Mostly a summary of the paper tidy data.
Example of badly formatted data:
treatmenta | treatmentb | |
---|---|---|
John Smith | - | 2 |
Jane Doe | 16 | 11 |
Mary Johnson | 3 | 1 |
Better formatted version of that data:
name | trt | result |
---|---|---|
Jane Doe | a | 16 |
Jane Doe | b | 11 |
John Smith | a | - |
John Smith | b | 2 |
Mary Johnson | a | 3 |
Mary Johnson | b | 1 |
Important guidelines:
- Rows: observations
- Columns: variables
- Values: variable values at specific observations
Order:
- variables: fixed (descriptions of the experiment) first, then measured variables, always the ones related to each other next to each other
- observations: order by first variable, then break ties with the following variables
This leads to a standard, which is important as programs knows how their input is structured.
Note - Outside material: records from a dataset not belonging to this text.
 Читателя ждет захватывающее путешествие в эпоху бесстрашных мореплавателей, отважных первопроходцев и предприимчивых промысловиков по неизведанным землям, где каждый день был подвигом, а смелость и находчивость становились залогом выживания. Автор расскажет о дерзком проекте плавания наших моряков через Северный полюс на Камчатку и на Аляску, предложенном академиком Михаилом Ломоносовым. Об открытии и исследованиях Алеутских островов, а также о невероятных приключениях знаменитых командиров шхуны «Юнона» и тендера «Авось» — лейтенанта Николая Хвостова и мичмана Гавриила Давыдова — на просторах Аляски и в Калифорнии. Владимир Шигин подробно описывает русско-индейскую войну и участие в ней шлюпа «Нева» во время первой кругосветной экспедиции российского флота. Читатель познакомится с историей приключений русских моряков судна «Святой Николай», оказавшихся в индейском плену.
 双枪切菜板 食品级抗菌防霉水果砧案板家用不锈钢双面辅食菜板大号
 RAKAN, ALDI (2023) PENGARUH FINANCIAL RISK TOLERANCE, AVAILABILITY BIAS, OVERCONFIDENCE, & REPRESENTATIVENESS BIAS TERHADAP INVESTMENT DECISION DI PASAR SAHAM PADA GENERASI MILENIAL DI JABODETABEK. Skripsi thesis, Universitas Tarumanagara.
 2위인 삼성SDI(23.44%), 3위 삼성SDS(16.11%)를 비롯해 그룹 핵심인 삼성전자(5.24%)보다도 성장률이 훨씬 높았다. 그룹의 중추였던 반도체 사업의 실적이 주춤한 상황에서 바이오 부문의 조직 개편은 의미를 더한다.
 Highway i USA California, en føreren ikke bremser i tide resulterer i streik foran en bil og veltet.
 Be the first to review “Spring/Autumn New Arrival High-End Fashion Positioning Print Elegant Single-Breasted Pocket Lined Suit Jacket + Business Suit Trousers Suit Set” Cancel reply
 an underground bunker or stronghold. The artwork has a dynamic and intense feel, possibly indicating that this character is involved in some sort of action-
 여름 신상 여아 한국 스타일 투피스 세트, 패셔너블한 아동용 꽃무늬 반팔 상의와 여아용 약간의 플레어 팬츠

So they can take the data, transform it and return tidy data again.
From messy to tidy
To get a dataset from messy to tidy one can employ three operations:
Melting
Turns multiple columns that are variables into a column with the names of the specific columns and a column with the value.
Messy:
row | a | b | c |
---|---|---|---|
A | 1 | 4 | 7 |
B | 2 | 5 | 7 |
C | 3 | 6 | 9 |
Molten:
row | column | value |
---|---|---|
A | a | 1 |
A | b | 4 |
A | c | 7 |
B | a | 2 |
B | b | 5 |
B | c | 8 |
C | a | 3 |
C | b | 6 |
C | c | 9 |